His Chance as a Chocolatier
Although Ben Davis wasn’t starting from scratch when he and his wife Katy bought the beloved Marion Chocolate Shop in 2021, the former Iowa Army National Guardsman had a lot to learn. The couple wanted to continue the shop’s two-decade legacy of crafting creams, caramels, truffles, toffees, gourmet hot fudge and hand-dipped goodies in-house. Fortunately, the retired Engineer Officer found some similarities between his military service and sweet new calling.
“My work in the military is not that different from projecting what I think we’re going to sell and making sure I’ve got the right raw ingredients, enough days to cook it and enough employees here to help put it together,” Ben said. “Iowa is also a hugely pro-veteran state and a great place for veterans to become small business owners.”
Ben was recognized with the Small Business Administration Impact Award during the 2023 National Veterans Small Business Week for his military service and in celebration of his contributions to the local and state economy. The family also received a $100,000 Main Street Iowa Challenge Grant in late 2023 for the revitalization of the historic Coenen Building, a red brick building in the bustling uptown district purchased for the chocolate shop’s future home.

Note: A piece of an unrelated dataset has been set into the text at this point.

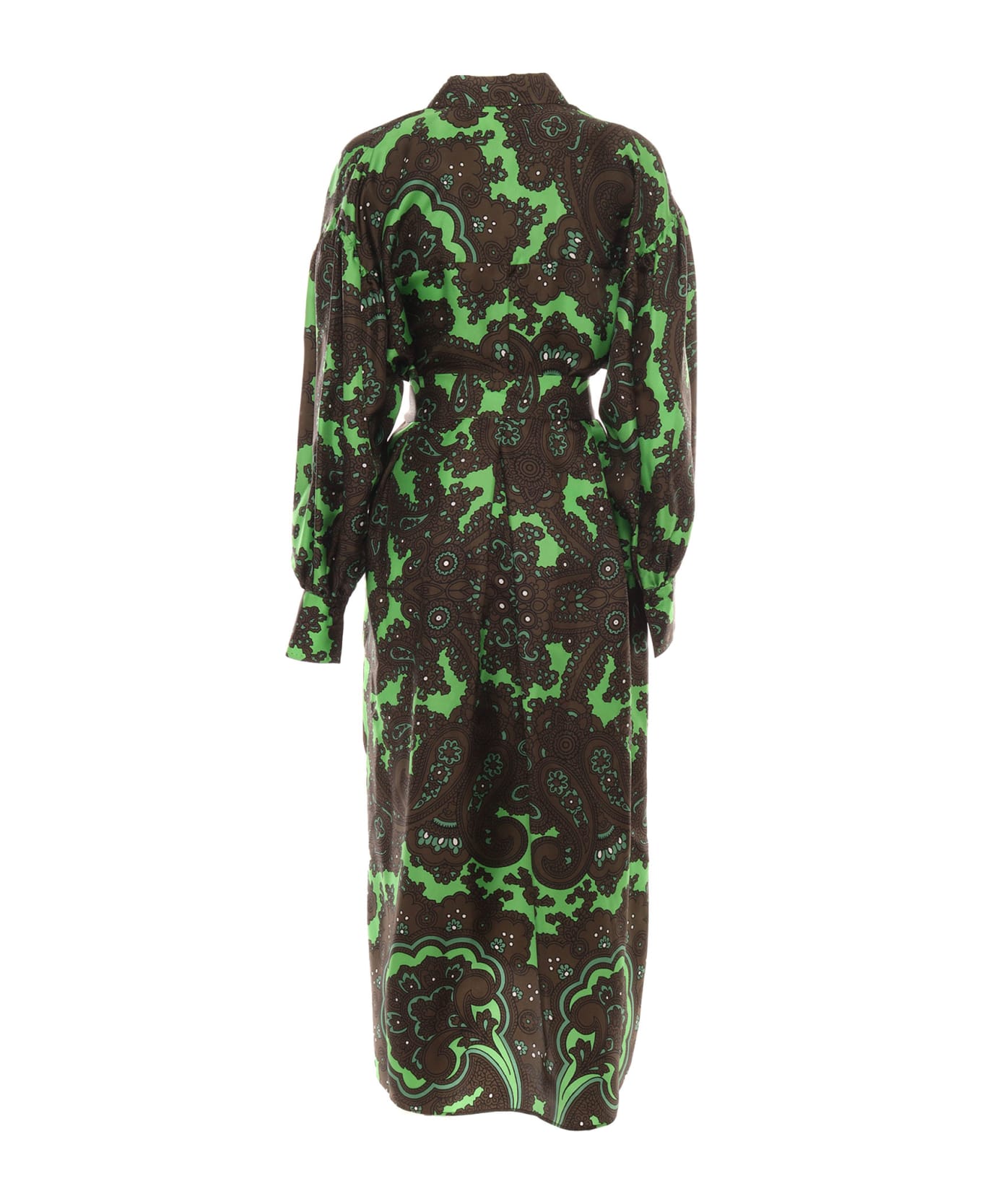Silk shirt dress, classic collar, buttoned cuffs, contrast paisley print, matching belt

“We’re really excited about that project because we are so vested in Marion,” Ben said. Public art transformed a back alleyway in Marion’s Uptown District into a hub for culture and commerce. “Seeing these dilapidated buildings get restored is just going to continue the success of Marion and Uptown — the soul of the city. Everything is going to radiate out from that.”
Putting Public Art on the Map
Across the state, Jeff Davis is another military veteran who recognizes art’s placemaking potential. Working from his home base in Woodbine, an hour north of Council Bluffs, the sculptor wows fans from around the world with large-scale metal pieces he’s installed in cities near and far.
A five-foot-tall purple guitar Jeff was commissioned to create in honor of the late musician Prince is now prominently located outside the Music Hall of Fame in Minnesota. In Wisconsin, a huge metal fish he forged jumps out of the landscape at Lake Menomin. And, at a recent sculpture competition in Mankato, Minnesota, a towering 11′ 5″ figure he calls “Viktor the Viking” stunned guests — earning Jeff the People’s Choice award for the third year in a row.
Jeff describes his larger-than-life welded warrior as: “Courageous, yet kind. A legacy of triumph assembled by many pieces and many personalities. An idol: Hammered from steel.”
His own story is similar. Jeff opened his art studio, Heavy Metal Renaissance, in 2015 after winning an Open 4 Business contest hosted by Main Street Iowa. He spent 22 years as a sheet metal worker, learning the trade after a stint serving as a medic in the United States Army. Jeff has shipped pieces all over the country, and to Europe, but the ones on display in his own small town speak to his connection to the place.
“Rural Iowa has some of the most beautiful landscapes on the planet,” Jeff said.
“My escapes into those places provide me with the clarity, reflection and connection that I want to relay in my art,” Jeff said. “The things I build are appreciated by people with similar backgrounds and lifestyles. I fit in here and relate to folks. I also find great satisfaction in seeing local people experience art in person.”
Doing Well and Doing Good
People like bookshop owner Linzi Murray, Marion chocolatier Ben Davis, award-winning STEM student-turned-inventor Dasia Taylor, metal artist Jeff Davis and Pickleball app developer Blake Renaud each created something special while leading meaningful lives in Iowa.
“Giving back to my community is in my blood,” Dasia said.
“Being here for so many years, I’ve gotten used to people waving at me in the street, which can’t be replicated anywhere else,” Dasia said. “And because of that, Iowa is the place where I want to build something and continue to grow in whatever way that path unfolds. I want to show that Iowa has cool things, too.”